## Problem
Word for word, please restate the line that contains "10月10日晚,江山股份发布" and all lines after it through the end of the material, minus the pictures.

------ Available data ------

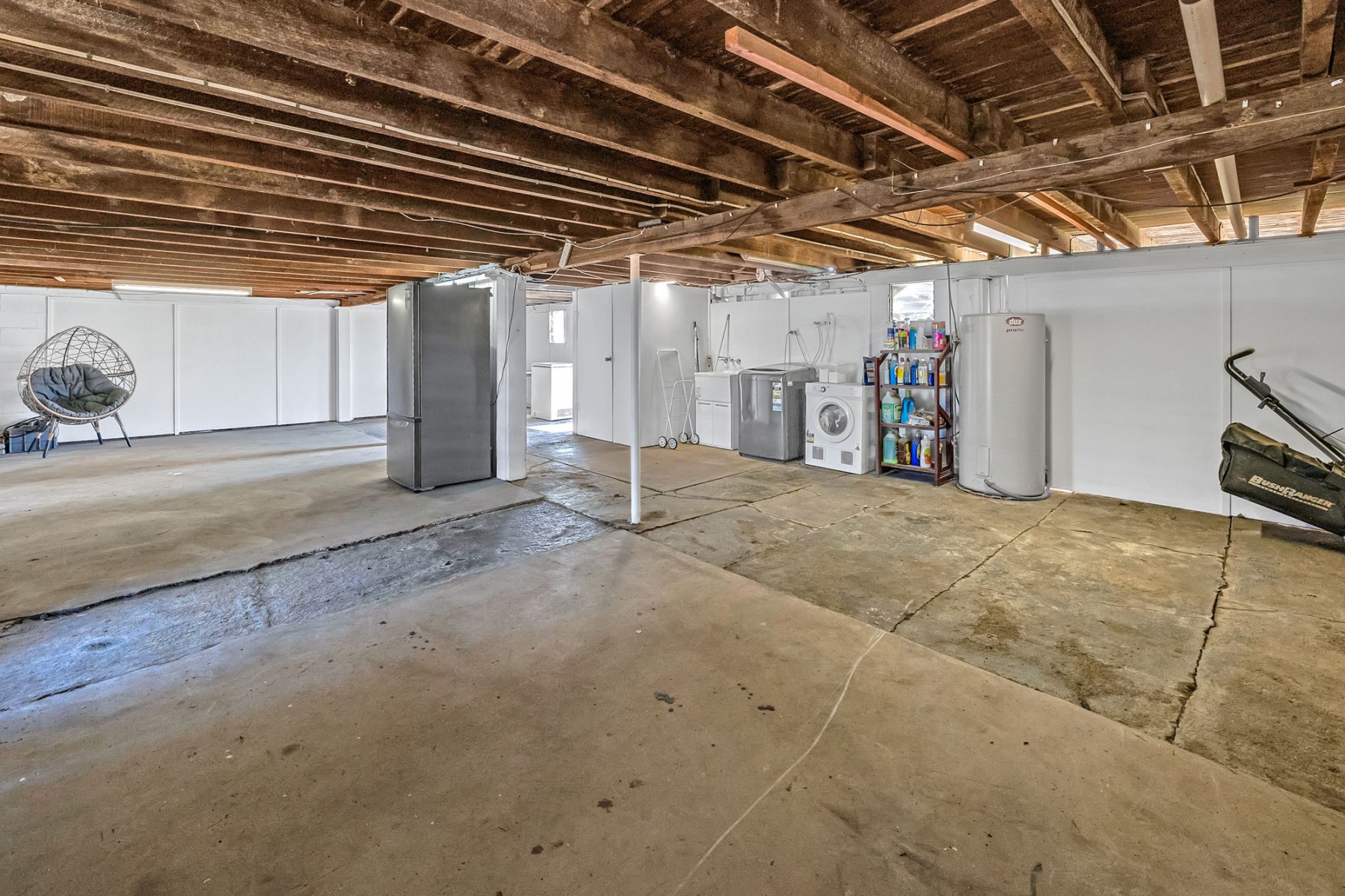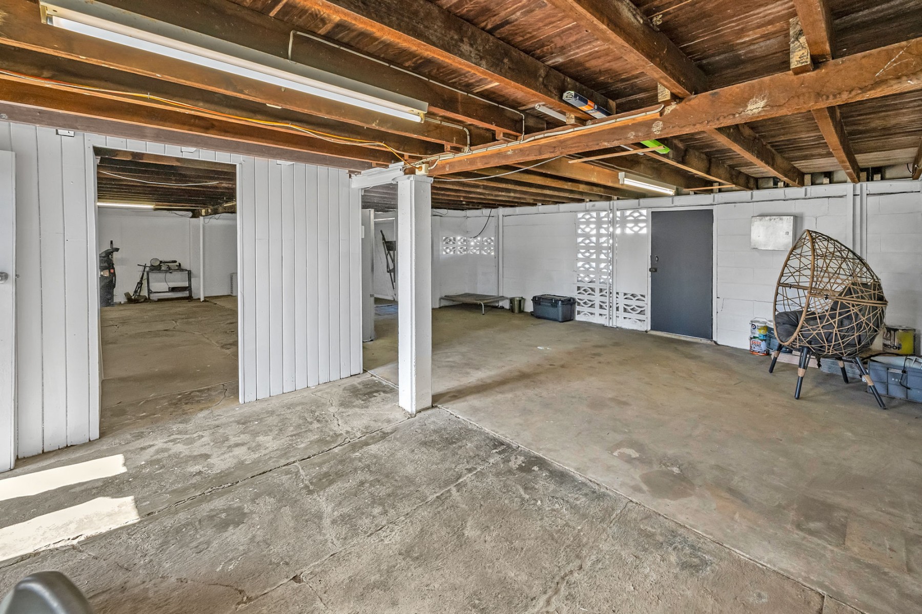 There is an enclosed downstairs area with parking for a car, plenty of storage space and potential for a multitude of uses for someone who wants to work from home or create space for kids.
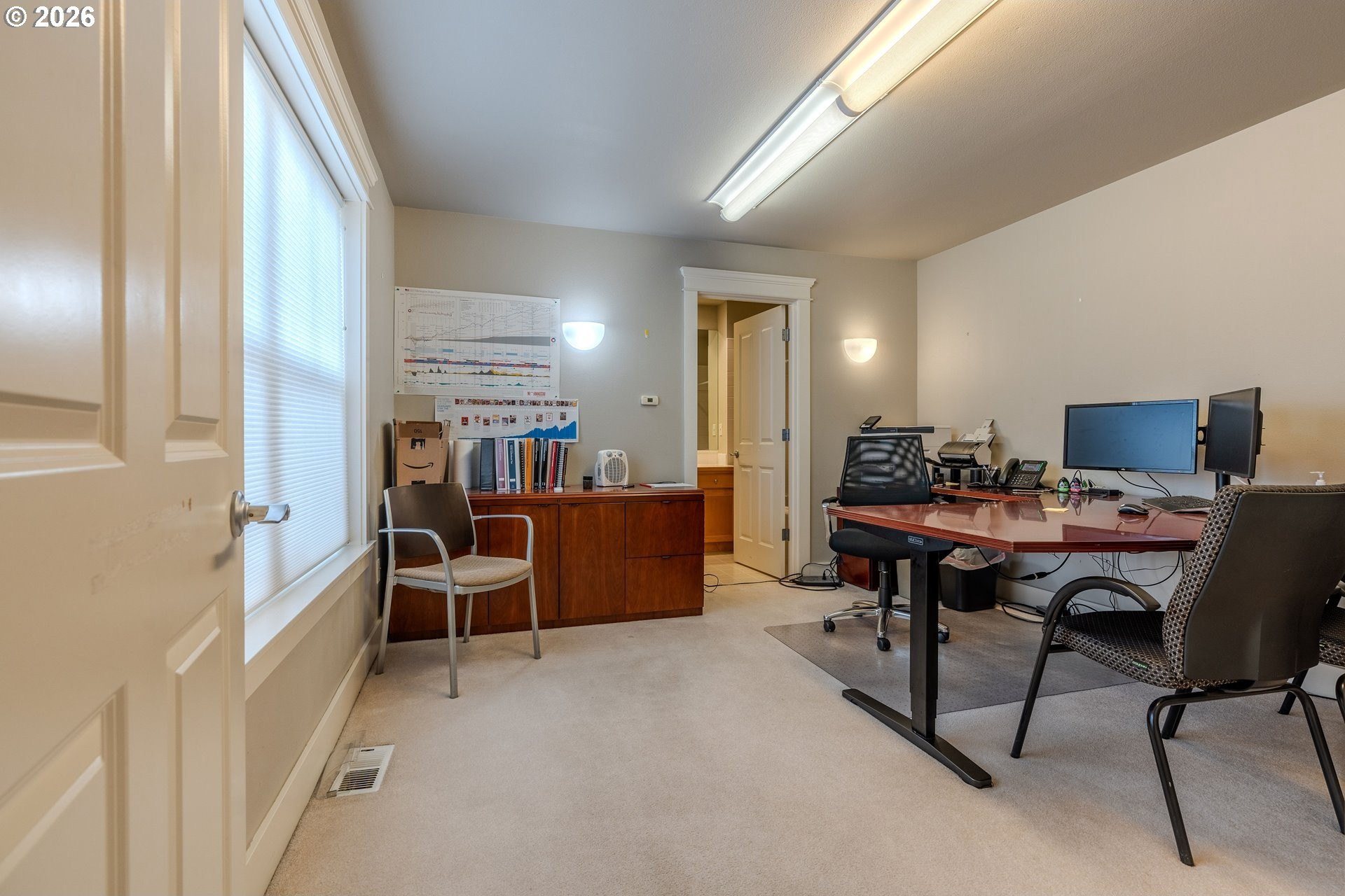 This 4 bedroom 3 1/2 bath home has spacious and open living area with a large entrance, cozy fireplace. and ample space to live and entertain. 2 of the bedrooms, including the primary, have their own bathrooms attached. The room in the front of the house can be used for a den, office, or great room. The 3rd bedroom at the top of the stairs is huge and can be used for a media room, play room, or bedroom. Laundry room is on 2nd floor next to the bedrooms for convenience. This property is a wonderful large home, and can also be used for an owner-run business - zoned VC. It has currently been used as a professional office. This property comes with a currently rented ADU for extra income ($1,348/mo). Kitchen can be put back in original space (was put in garage for professional office) Right in the heart of Fairview Village, shopping, library, parks, are all within walking distance. Seller willing to carry financing with 250K down for 3 years, 5% interest. Too good to pass up! Please call \listing agent for more information.
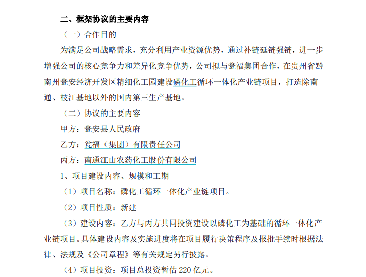 10月10日晚,江山股份发布公告,公司与贵州省瓮安县人民政府、瓮福集团签署《磷化工循环一体化产业链项目投资合作意向协议书》,该项目总投资暂估额达220亿元。
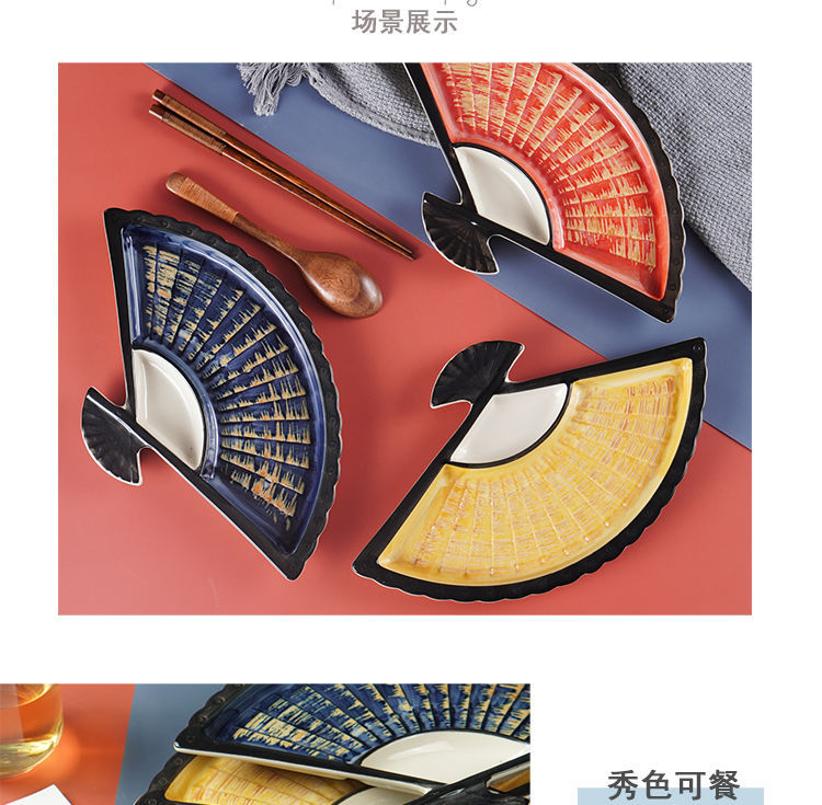 식초 접시와 인터넷 연예인 만두 접시 창조적 인 세라믹 분할 디너 플레이트 일본 손으로 그린 스시 접시 팬 모양의 스낵 플레이트

------

## Exercise solution
 10月10日晚,江山股份发布公告,公司与贵州省瓮安县人民政府、瓮福集团签署《磷化工循环一体化产业链项目投资合作意向协议书》,该项目总投资暂估额达220亿元。
 식초 접시와 인터넷 연예인 만두 접시 창조적 인 세라믹 분할 디너 플레이트 일본 손으로 그린 스시 접시 팬 모양의 스낵 플레이트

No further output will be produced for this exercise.